## WORK ITEM:
Print nothing but the lines below starting at the line that holds "縁取りの豪華な金彩と、全面に" and ending at the line that holds "Die Berliner Morgenpost, die", including both, each exactly as written.
── PROVIDED DATA
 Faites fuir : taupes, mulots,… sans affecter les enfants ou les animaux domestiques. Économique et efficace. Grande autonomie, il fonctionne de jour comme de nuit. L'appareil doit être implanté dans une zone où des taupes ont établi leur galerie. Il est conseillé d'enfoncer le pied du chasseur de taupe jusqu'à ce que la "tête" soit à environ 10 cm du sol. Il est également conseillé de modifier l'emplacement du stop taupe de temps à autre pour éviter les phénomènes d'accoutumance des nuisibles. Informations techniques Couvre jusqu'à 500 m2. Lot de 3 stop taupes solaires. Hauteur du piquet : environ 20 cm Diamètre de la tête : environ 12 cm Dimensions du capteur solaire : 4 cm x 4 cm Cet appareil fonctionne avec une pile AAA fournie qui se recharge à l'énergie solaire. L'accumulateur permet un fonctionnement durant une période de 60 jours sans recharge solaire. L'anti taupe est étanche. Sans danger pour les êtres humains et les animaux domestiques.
────
── PROVIDED DATA
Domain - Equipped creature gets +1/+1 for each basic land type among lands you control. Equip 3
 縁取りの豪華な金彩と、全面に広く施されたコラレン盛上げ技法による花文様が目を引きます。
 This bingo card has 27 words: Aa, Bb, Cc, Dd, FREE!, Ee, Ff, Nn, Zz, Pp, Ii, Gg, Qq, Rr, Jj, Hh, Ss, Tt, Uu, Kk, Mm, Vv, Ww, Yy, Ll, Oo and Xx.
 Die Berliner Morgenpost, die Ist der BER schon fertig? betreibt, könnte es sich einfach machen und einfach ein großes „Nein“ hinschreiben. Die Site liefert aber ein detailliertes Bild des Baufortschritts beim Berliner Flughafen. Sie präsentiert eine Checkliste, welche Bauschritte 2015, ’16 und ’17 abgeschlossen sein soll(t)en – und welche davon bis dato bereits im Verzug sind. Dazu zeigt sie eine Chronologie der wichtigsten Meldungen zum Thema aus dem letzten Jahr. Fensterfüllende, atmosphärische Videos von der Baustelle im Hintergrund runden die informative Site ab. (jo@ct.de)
────
── PROVIDED DATA
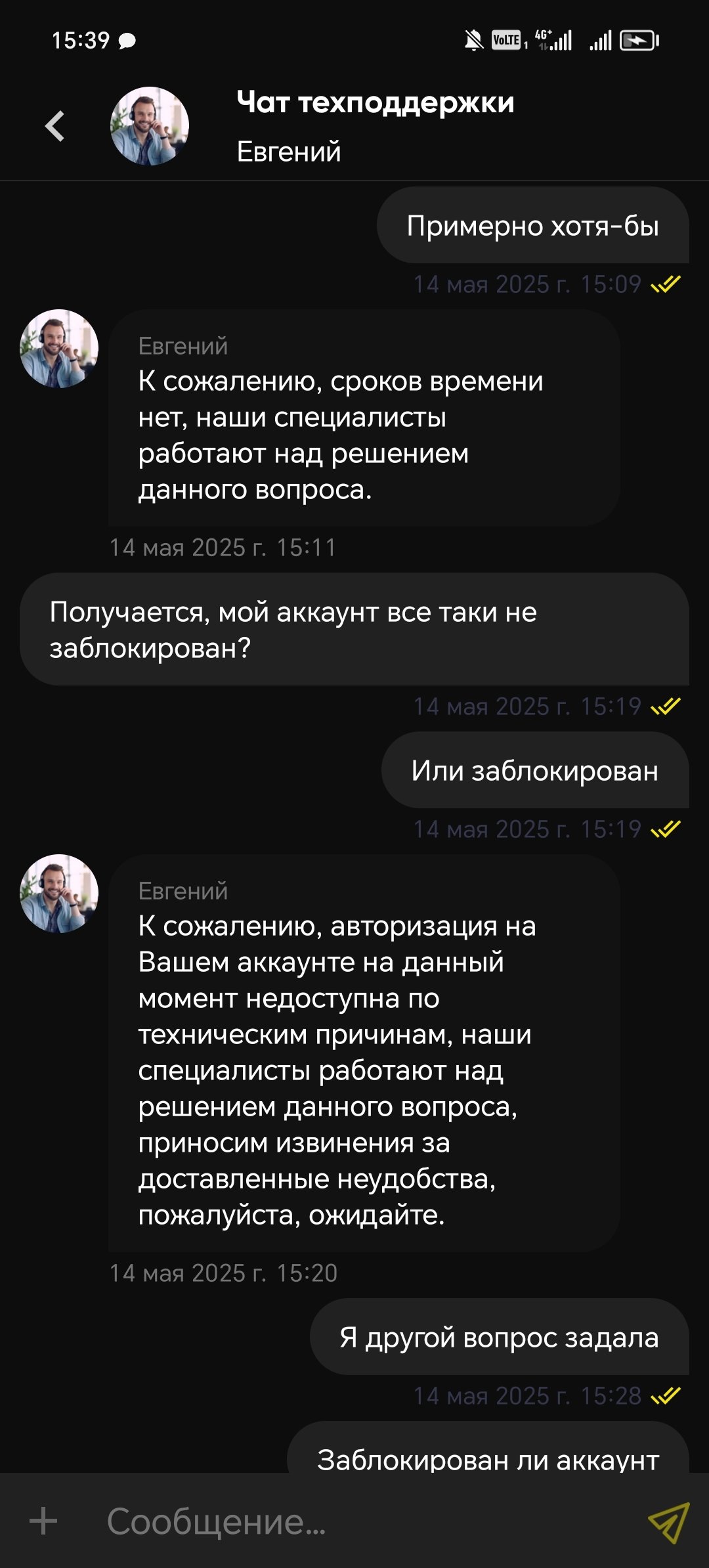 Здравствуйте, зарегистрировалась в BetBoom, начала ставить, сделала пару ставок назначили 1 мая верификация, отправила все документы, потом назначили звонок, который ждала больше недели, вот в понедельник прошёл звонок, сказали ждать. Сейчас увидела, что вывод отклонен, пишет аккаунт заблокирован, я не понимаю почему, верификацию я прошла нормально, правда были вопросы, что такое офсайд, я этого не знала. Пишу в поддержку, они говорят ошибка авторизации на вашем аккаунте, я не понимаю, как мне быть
────
## WRITTEN RESPONSE:
 縁取りの豪華な金彩と、全面に広く施されたコラレン盛上げ技法による花文様が目を引きます。
 This bingo card has 27 words: Aa, Bb, Cc, Dd, FREE!, Ee, Ff, Nn, Zz, Pp, Ii, Gg, Qq, Rr, Jj, Hh, Ss, Tt, Uu, Kk, Mm, Vv, Ww, Yy, Ll, Oo and Xx.
 Die Berliner Morgenpost, die Ist der BER schon fertig? betreibt, könnte es sich einfach machen und einfach ein großes „Nein“ hinschreiben. Die Site liefert aber ein detailliertes Bild des Baufortschritts beim Berliner Flughafen. Sie präsentiert eine Checkliste, welche Bauschritte 2015, ’16 und ’17 abgeschlossen sein soll(t)en – und welche davon bis dato bereits im Verzug sind. Dazu zeigt sie eine Chronologie der wichtigsten Meldungen zum Thema aus dem letzten Jahr. Fensterfüllende, atmosphärische Videos von der Baustelle im Hintergrund runden die informative Site ab. (jo@ct.de)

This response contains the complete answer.